Por Frederic Luján Z.
Sunday, July 22, 2012
En la segunda piel
Por Frederic Luján Z.
Su estado era
crítico, el mercurio del termómetro indicaba que había pasado la barrera de los
cuarenta centígrados. Volaba en fiebre. El agotamiento y la debilidad física le
obligaban a cerrar los párpados, y en ese vacío sintió que su epidermis comenzaba
a desprenderse de la dermis transformándose en un tegumento duro de madera, que
iba cubriéndolo.

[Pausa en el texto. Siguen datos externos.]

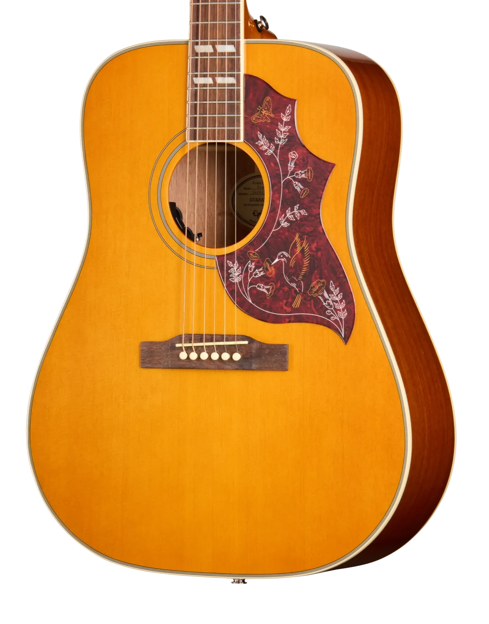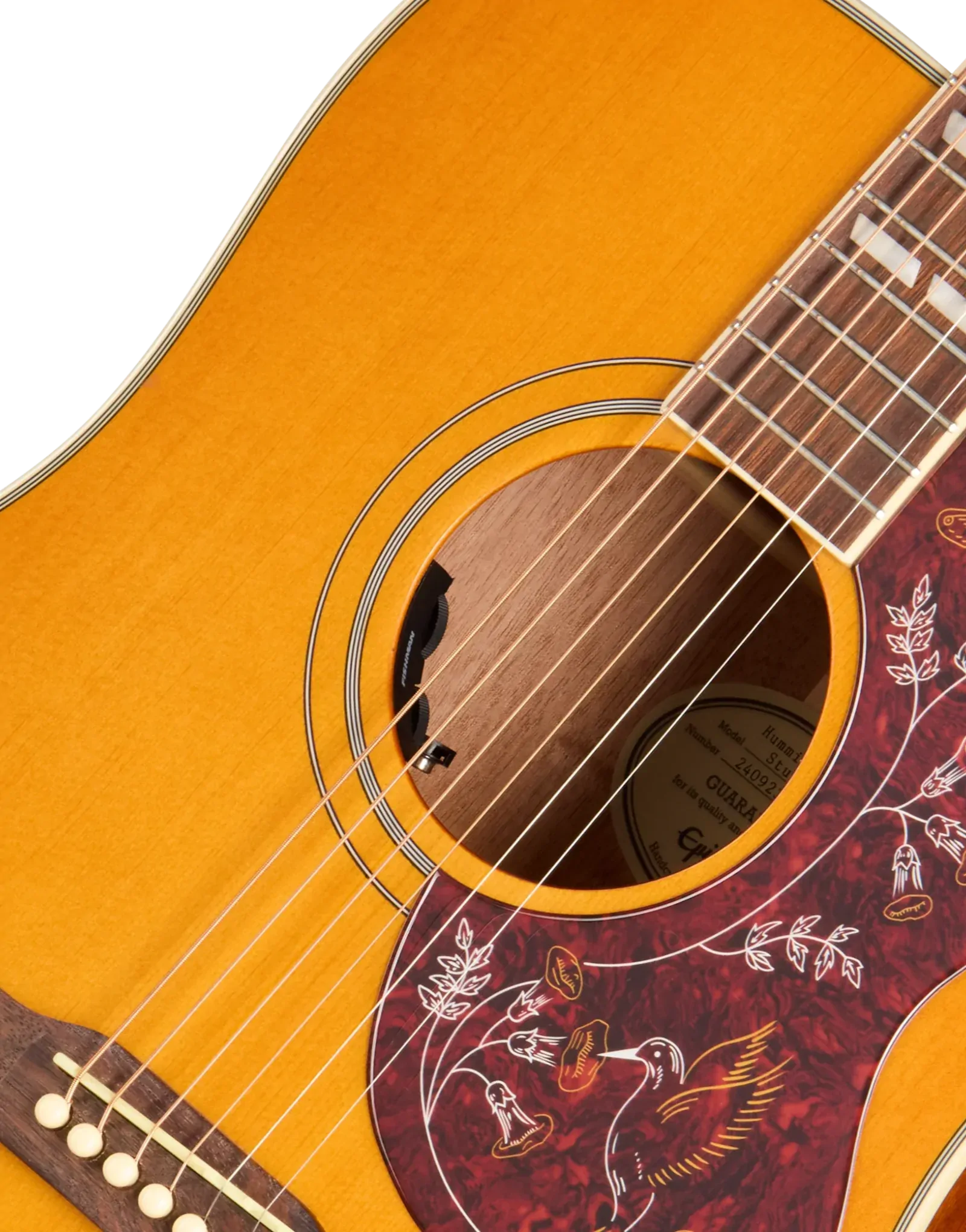 | Pickguard | Hummingbird-shaped Tortoise Shell Epoxy-style with Hummingbird Graphics |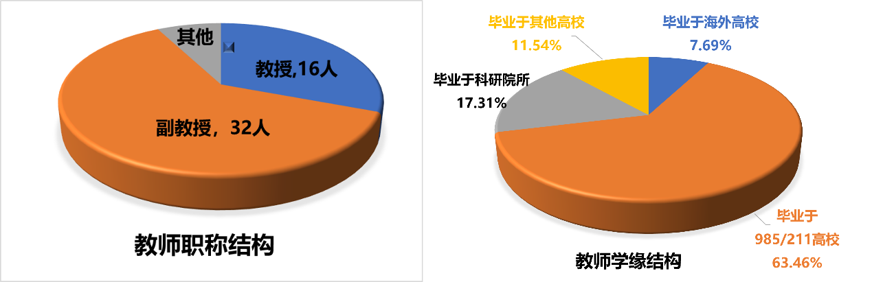 应用化学专业教学团队现为山东省省级教学团队。有专业教师52人,具有正高职称16人,副高职称32人,副高以上职称教师占92.31%;教师中具有博士学位人数比例100%。教师有泰山学者岗位专家1人,泰山学者青年岗位专家2人,山东省有突出贡献的中青年专家1人,山东省教学名师1人,山东省杰出青年基金获得者1人,山东省优青1人,青岛市青年科技专家1人,青岛市教学名师1人,校级教学能手3人。从学缘结构上看,毕业于海外著名大学的有4人,占7.69%,毕业于985、211 重点大学或国家三大重点科研院所教师有42人,占80.77%,如下图所示。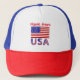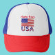 Chapeau de camionneur personnalisé avec le drapeau des Etats-Unis d'Amérique, ou, drapeau américain avec les lettres USA ci-dessous en rouge, blanc et bleu avec étoiles et rayures, trouvé dans le drapeau. Personnalisez le chapeau du camionneur en ajoutant un nom, pour vous-même ou un cadeau créatif. Idéal pour les groupes de voyage, les clubs ou les réunions de famille. Un cadeau amusant pour toute occasion ou événement. Papa adorerait ça pour la Fête des pères. Amusant à porter le jour de l'indépendance/4 juillet.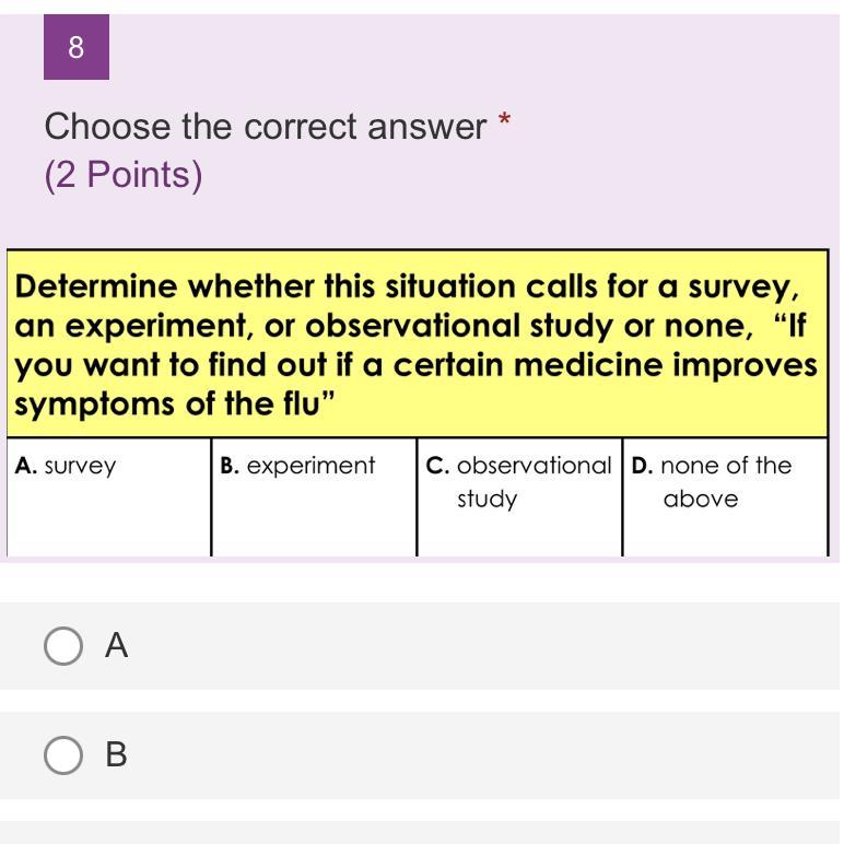 Since the researcher needs to find if a certain medicine improves the symptoms of the flu, therefore, the objective is to find out what influence a certain therapy has on the result. Hence, the given situation is an observational study.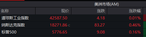 当地时间周二,美国三大股指小幅收涨,道琼斯工业指数涨0.01%,报42587.5点,标准普尔500指数涨0.16%,报5776.65点,纳斯达克综合指数涨0.46%,报18271.86点。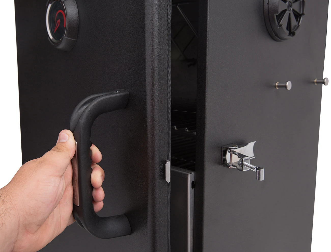 Mit seinen vier Grillrosten bietet der Smoker sagenhafte 4970 cm² Grillfläche. Der massive Holzkohlebehälter sorgt stets für genügend Hitze zur Raucherzeugung und zum Garen Ihres Grillguts. Dank doppelwandiger Stahlkonstruktion werden Hitze und Rauch effizient im Inneren des Gerätes gespeichert. Mit Hilfe der beiden stufenlos regulierbaren Zu- und Abluftregulierungen und des in der Fronttür integrierten Thermometers haben Sie die Temperatur im Inneren fest im Griff.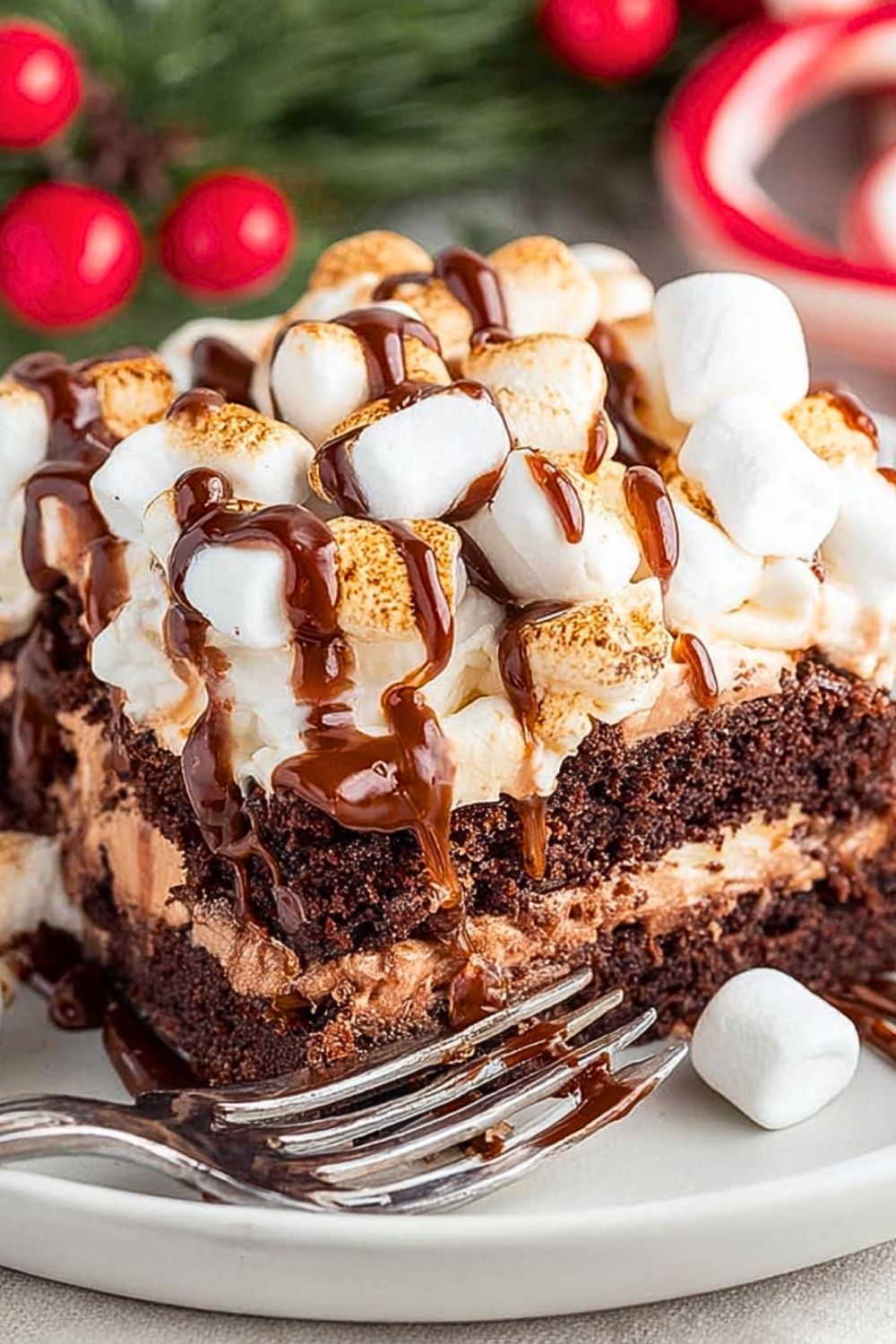 For best results, let the cake rest in the refrigerator overnight to intensify the flavor and improve its texture. If using marshmallow creme, warming it slightly makes it much easier to spread without tearing the cake. The hot fudge sauce should be warm but not too runny; a thick pour helps it stay inside the poked holes instead of pooling on top. You can easily customize the toppings with holiday-themed candies, nuts, or even crushed graham crackers for a s’mores-inspired version.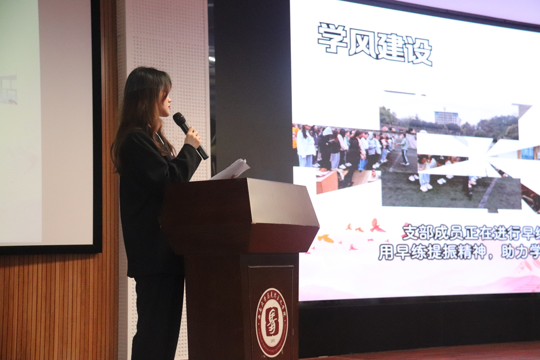 各支部按抽签顺序进行汇报展示、现场答辩和风采展示,11个支部按既定次序依次上台展示,用视频、书法以及朗诵等形式展现支部风貌,各具特色;答辩环节,支部成员才思敏捷、反应迅速,切实反映支部风貌;风采展示环节,各支部都充分展示出本支部积极向上的精神面貌,紧扣“砥砺正当时”的主题,观众认真观看,积极互动,台下掌声雷动。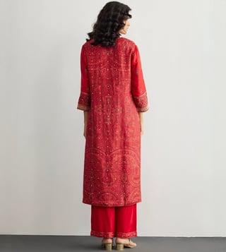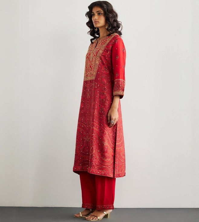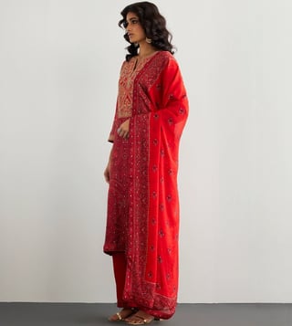 RI.Ritu Kumar Red & Beige Brocade Jamawar Kurta With Pant and Dupatta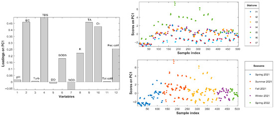 PCA was applied to analyze the spatio-temporal variation of the water quality along the Ibrahim River. This technique reduces dimensionality by replacing original indicators (variables) with new comprehensive indicators (PCs). The amount of information enclosed in each PCs is quantified by the explained variance percentages [21]. PCA was performed on the data matrix X (504 × 12), retaining two principal components (PC1 and PC2) that collectively explain about 45% of the original variance. Visualizing scores corresponding to the 504 samples helps in identifying potential spatial or temporal trends across river sampling stations and seasons. PCs loadings, derived from the 12 study variables (pH, EC, TDS, DO, BOD5, NO3−, K+, TA, Cl−, Tot Colif, and Fec Colif), reveal which variables drive the observed patterns in the scores.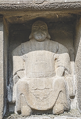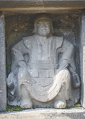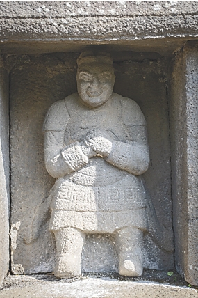 以上所有造像均与背板相连为一体,文、武形象的服饰均为公服,分宽、窄袖两种。从这些造像可以得出以下判断:正面龛内的文官头戴长翅幞头,应为宋中期之后的形象;武官立像身姿略恭,行叉手礼,此礼为宋代礼仪。文武官形象均着长靴,不着履。总体来看,这些服饰带有典型的宋代风格。

Por fuera parecía un cajón de muerto, un ataúd color negro
mate, sin esmalte ni adornos ni incrustaciones ni ornamentos ni nada; simplemente
un baúl rectangular de madera y nada más. Sintió terror, mucho terror.
Escuchaba voces que lloraban y le decían:
“Pobrecito, cómo
sufre, es mejor que descanse en paz.”
¿Habrá dejado de
existir o era el delirio de la fiebre que le estaba haciendo perder el control
de su realidad existencial? Todo le parecía raro, como si su existencia de
treinta años se hubiera injertado ahora en una segunda piel dura, enchapada en
madera y que sus vísceras se estuvieran fermentado por dentro. Creyó por un momento
sentirse a gusto, aliviado, sin ese dolor electrizante que corría siempre por
su sistema nervioso y terminaba en sus órganos enfermos.
¿Pero?... ¿y ese
olor? ¿ Por qué ese olor? ¿Sería acaso el tufo de la Muerte, enemiga implacable del género humano y odiosa a los inmortales?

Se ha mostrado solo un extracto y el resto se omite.